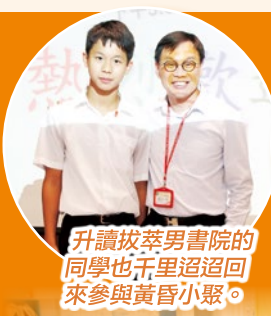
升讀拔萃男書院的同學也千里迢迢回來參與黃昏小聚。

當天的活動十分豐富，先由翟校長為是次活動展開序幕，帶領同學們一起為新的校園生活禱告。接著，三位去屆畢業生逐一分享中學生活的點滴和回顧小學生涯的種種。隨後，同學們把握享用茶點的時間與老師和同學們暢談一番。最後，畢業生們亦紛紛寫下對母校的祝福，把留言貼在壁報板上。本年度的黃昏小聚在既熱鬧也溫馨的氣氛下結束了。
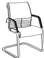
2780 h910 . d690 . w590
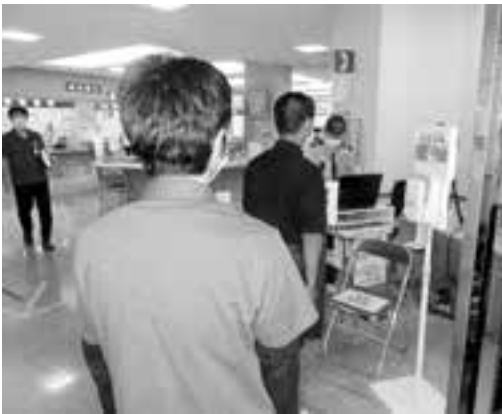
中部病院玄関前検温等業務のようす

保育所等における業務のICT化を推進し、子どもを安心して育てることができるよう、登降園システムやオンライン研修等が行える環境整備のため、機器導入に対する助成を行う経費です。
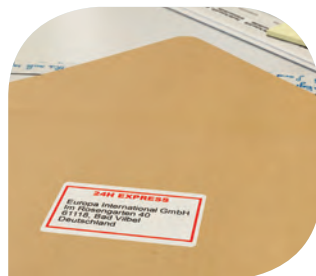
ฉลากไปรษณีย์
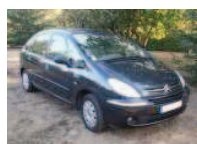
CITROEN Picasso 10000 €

* * *

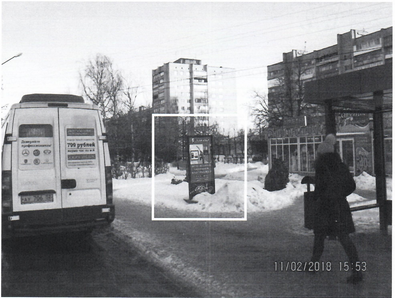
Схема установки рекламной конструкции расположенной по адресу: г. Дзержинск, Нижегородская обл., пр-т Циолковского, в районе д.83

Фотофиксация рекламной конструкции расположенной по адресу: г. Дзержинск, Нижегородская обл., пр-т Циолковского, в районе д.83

* WORK ORDER
What belongs in the answer is each line above from the line with "2780 h910 . d690 . w590" to the line with "CITROEN Picasso 10000 €", inclusive, reproduced exactly and free of pictures.

* OUTPUT OF THE TASK
2780 h910 . d690 . w590
中部病院玄関前検温等業務のようす

保育所等における業務のICT化を推進し、子どもを安心して育てることができるよう、登降園システムやオンライン研修等が行える環境整備のため、機器導入に対する助成を行う経費です。
ฉลากไปรษณีย์
CITROEN Picasso 10000 €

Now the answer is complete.